I expect this to get easier as AI improves. AI memory will grow. It will run longer, handle bigger features, and take on larger tasks. A mature “AI First Development” workflow will go through several rounds of writing and review before a human sees it. At that point, you should be able to merge with just a quick look.
Building the right thing. AI is fast. But if you’re not building the right thing, you’re just going nowhere faster. Getting the product into real users’ hands, hearing their feedback, making good product decisions: that’s still the hard part. That hasn’t changed.
What’s Gotten Easier
Prioritization. Before, when you had two ways to solve a problem, you picked one. You told yourself you’d try the other way if the first didn’t work. Then you ran out of time. You shipped whatever you built first, even if it wasn’t great. Now I can spin up two instances, build both approaches, test them side by side, and pick the one that works better. The “what if we tried it the other way” question actually gets answered.

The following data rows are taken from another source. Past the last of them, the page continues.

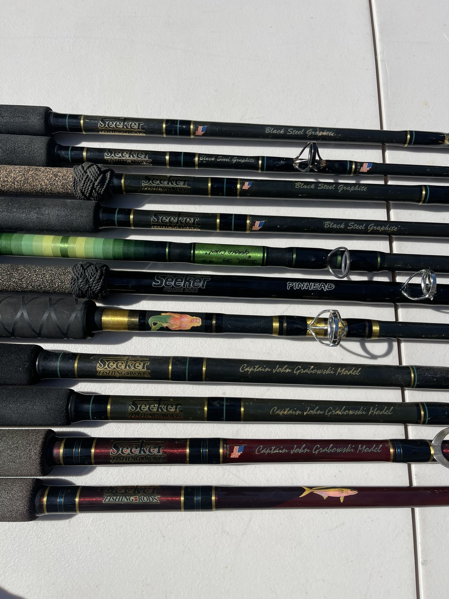 Super seeker SS670-7’ 25-40 SOLD Super seeker SS6470-7’ Captain John Grabowski model 30-50 $350 Seeker Captain John Grabowski model G6470-7’ 30-50 $250 Seeker black steel G6470H-7’ 40-60 $225 Seeker CJBF65H 30-80 $300 Seeker pinhead 1580-8’ CT 15-40 $260 Seeker 809 15-30 $250 Seeker black steel G970-7’ $225 Seeker black steel G270H-8 15-40 $250 Seeker black steel G660H -6’ 30-80 $250 Seeker black steel G970-7’ 15-40 $225 Ignore; Fishing, Fishing Tackle, Fishing Rod, Fishing Reel, Fishing Gear, Fishing Lures, Fishing Repair, Fishing Combo, Fishing Rod Blank, Fishing Line, Fishing Rod Custom, Fishing Guides, Fishing Tip, Spinning Rod, Spinning Reel, Baitcaster, Baitcaster Rod, Okuma, Penn, Stik, Shimano, Penn, Daiwa, Kencor, Seeker, Avet, Seigler, Trolling Rod, Trolling Lure, Trolling Reel, Two Speed Reel, Jigging Reel, Fenwick, Calstar, Roddy, Jig Stick, Shakespeare, Berkeley, Pfluegers, Rail Rod, Winn, Fuji, Custom Rod, Fishing Weights, Lews, Abu Garcia, Zebco, Truline, Phenix, Swimbaits, Conventional Rod, Conventional Reel, Newell, Fin-Nor, Jigging Rod, Live Liner Reel, Kastking, Yo-Zuri, Zoom, Gulp, Bass Lures, Jigs, Tackle Box, Yum, Rainshadow, phenix avet accurate newel gloomis tady salas kickers turners Shimano Gulp, Bass Lures, Jigs, Tackle Box, Yum, Rainshadow, phenix avet accurate newel gloomis tady salas kickers turners shimano daiwa okuma fishing reel rod torium makaira trinidad proteus tackle line braid lures jigs saltwater saltist kastking baitcaster freshwater bass spinning spinner jerkbait crankbait senko worms catfish dough trout largemouth small mouth tuna yellow tail barracuda flyline hooks sinkers mono boat Catalina clemente island terminal tackle Rigs hooks weights torpedoes united Avet Seeker Calstar Rainshadow Composites bait jig Daiwa Accurate Penn Trinidad Torium Newell Okuma Powerpro Rapala Talica Tranx fluorocarbon Phenix Shimano Loomis Gamakatsu Lamiglas Abu Garcia Axis Talica Okuma Tiburon owner ringed hooks seagaur power bait gulp spro yo-zuri
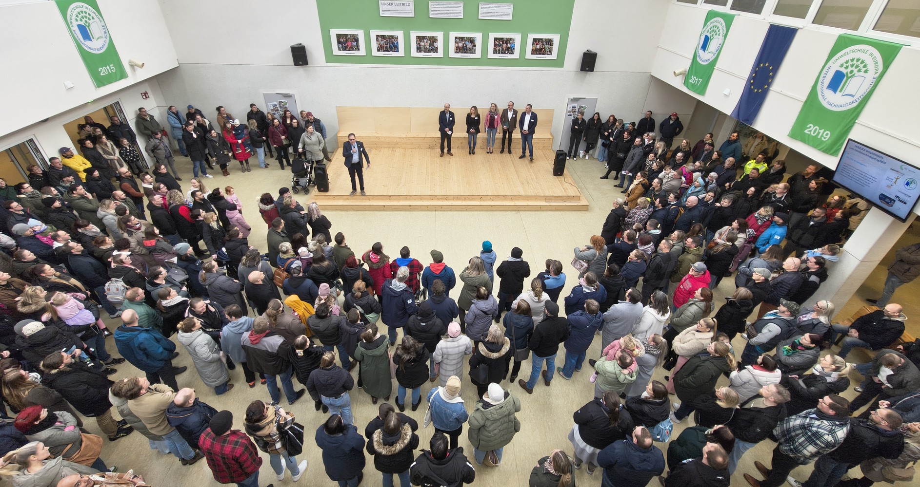 Während die Grundschüler Erfahrungen zum Alltag an der IGS sammeln konnten, hatten ihre Eltern die Gelegenheit, sich während einer Führung das Schulprogramm erläutern zu lassen. Zeit für individuelle Fragen nahm sich die Schulleitung im Anschluss in der gemütlichen IGS-Cafeteria. Der spannende Vormittag endete für alle Beteiligten mit einem gemeinsamen Gruppenbild auf dem zukünftigen Schulhof.
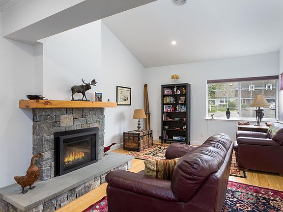 Just down the road from Lake Champlain is a beautifully renovated townhouse with 2 bed, 3 baths, and an unheard of backyard. Enter into the property and you’re greeted by vaulted ceilings and an open floor concept with bamboo flooring throughout, more recently painted walls, a newly constructed gas fireplace, a plethora of windows flooding the space with natural light, LED lighting, and an updated kitchen incl. stone countertops and a kitchen island that are white with streaks of blue. The new backsplash & appliances, and the new cabinets bring it all together! Off of the kitchen there’s a mudroom/hallway with washer & dryer and a door that leads out to the backyard. Additionally off of the kitchen, in the dining area the new glass slider opens up to the patio and backyard. There is a redone 1/2 bath on the 1st floor. The 2nd floor, also repainted, has new carpeting throughout other than in the baths which is tile. At the top of the stairs is the natural gas furnace & water heater, and each spacious bedroom has it’s own wonderfully redone bathroom with large tiled showers, ample closet space, natural light, and ceiling fans. The attached garage, with new door, leaves room for storage. There’s a storage shed, attached to the townhouse for easy access to a lawn mower, pots, and other yard items. Lake Champlain, the bike path, and Oakledge Park is 0.3 miles away. 2 min from City Market Onion River Co-op. 10 min from Burlington’s Church St. 30 Min to top skiing!

Refactoring. Bad early decisions are expensive. We’ve all seen codebases where a choice made in the early days still causes problems and blocks better solutions. Big changes used to be painful. Find and replace. Regex. Searching through the code. Fixing broken tests. A full day’s work, and you’d still miss things. Now I can rename a concept across the whole codebase or change how data flows without dreading the work. Claude handles the tedious parts. I review the changes.
Experiments. “What if” questions now cost almost nothing. “What would it look like if X worked like Y?” I can start a Claude Code instance, drop that question in, and move on. When I have time, I check what it came up with. If it’s worth keeping, we keep going. If not, we drop it. Either way, I didn’t slow down on the important work.
Conclusion
The main thing I learned in 6 months: writing code, reading code, and getting up to speed on existing code is no longer a bottleneck. The longest wait now is shipping a feature, seeing how people use it, and making changes. But even that is faster because writing and testing code takes so much less time.
When you ship faster, you learn faster. When you can test two approaches at once, you make better choices. When fixing code is cheap, you’re not stuck with early mistakes. You get more chances to build the right thing. You course-correct sooner.
That’s the real advantage. Not that AI writes the code. It lets you find the right product faster.